RALEIGH, N.C. - When Will Wade took over at NC State, he didn’t just build a roster - he built a résumé. From the moment he arrived, Wade made it clear that this wasn’t going to be a typical Year 1 rebuild. Instead, he stacked his roster with players who didn’t just have talent - they had experience, pedigree, and most importantly, they had won.
Look at the names: Darrion Williams (Texas Tech), Ven-Allen Lubin (UNC), Tre Holloman (Michigan State), Terrance Arceneaux (Houston), and Quadir Copeland (McNeese State). That’s not just a group of transfers; that’s a group with real NCAA Tournament mileage. Between them, they brought 549 minutes of March Madness experience - 200 more than any other team in the ACC, according to Wade back in October at the ACC Tip-Off in Charlotte.
That number wasn’t just a stat to Wade - it was a blueprint. “We want to have a team that’s prepared to get to March and prepared to win in March,” he said. And on paper, he had every reason to believe this group could do just that.
But basketball isn’t played on paper.
Fast forward to mid-February, and the reality has been a little more complicated. Despite all that experience, this NC State team has struggled to close out games - especially at home.
Three losses in their own building sting, but it’s not just the defeats. It’s how they’ve happened: tight games, pressure moments, and a team that, for all its March-tested résumés, hasn’t been able to consistently execute when it matters most.
On the road, it’s been more of the same - close calls, near misses, and opportunities slipping away late. The mental toughness and poise that were supposed to be this team’s calling card have been inconsistent at best.

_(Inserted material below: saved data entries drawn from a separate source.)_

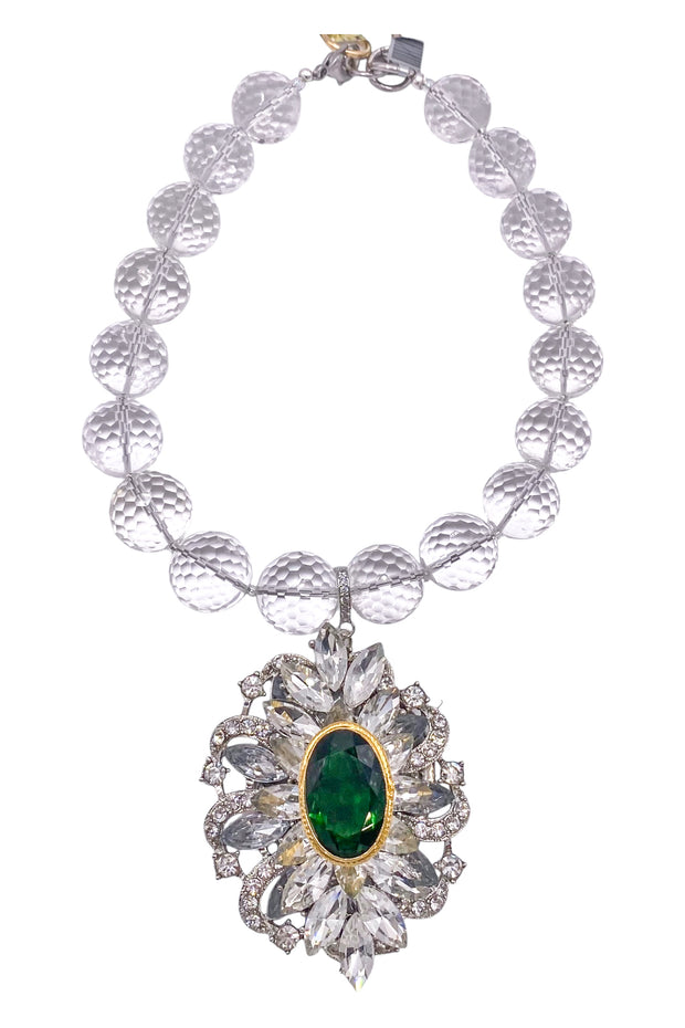 - Huge Faceted Green Tourmaline + Crystal 60s Brooch
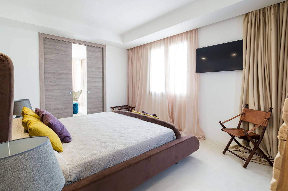 Schlafzimmer mit Bad 1: großes Doppelbett, Krippe, WiFi Internet, Internet, Klimaanlage, Fliegengitter, TV, Sofa, Sessel, Waschbecken, WC, Bidet, Dusche, Fön.
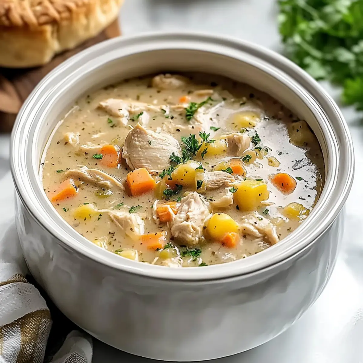 Comforting and hearty, this Chicken Pot Pie Soup brings all the nostalgic flavors of a classic pot pie right to your bowl. Quick prep means you can have it ready in no time, making it a perfect family-friendly meal for any weeknight. One-pot convenience means less cleanup and more time to enjoy with loved ones. Plus, you can easily adapt it with different veggies or proteins, making it one of those versatile recipes that never get old. Serve it alongside some of your favorite warm biscuits, and you’ve got a cozy night in!
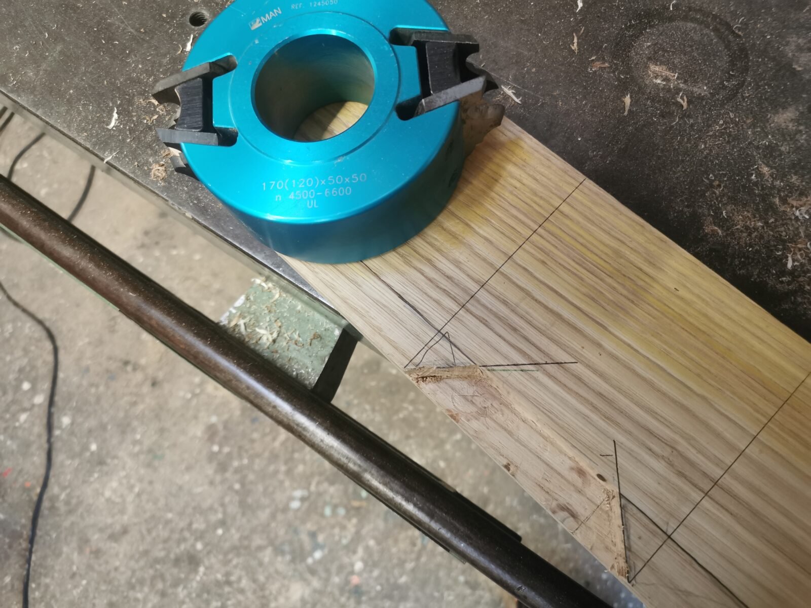 To familiarise myself with all these new machines and tools, we then move on to planing to bring the pieces to their exact dimensions: forty-two millimetres thick, twelve centimetres wide and strictly square. These are tests for the jambs of the future door. With each pass of the plane, we adjust the flatness and I check the squareness. The wood softens, its surface becomes smooth under the hand. These simple gestures lay the foundations for accuracy.
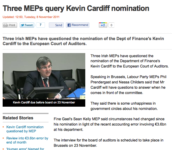Kevin’s Gate Admin at 2:18 pm November 8, 2011 Three MEPs Query Kevin Cardiff Nomination (RTE) Previously: “I Am Puzzled Myself.” FacebookTwitterPinterestSponsored Link
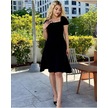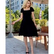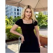 Kadın Kare Yaka Arkası Gipeli Önden Bağlamalı Kısa Ayrobin Elbise Siyah

Now, this doesn’t mean NC State is out of the fight - far from it. There’s still time to regroup, recalibrate, and lean into the experience that made this roster so promising in the first place. But the margin for error is shrinking, and the expectations that came with this veteran group aren’t going anywhere.
Wade built a team for March. The question now is whether they can get there - and once they do, whether they’ll be ready to deliver.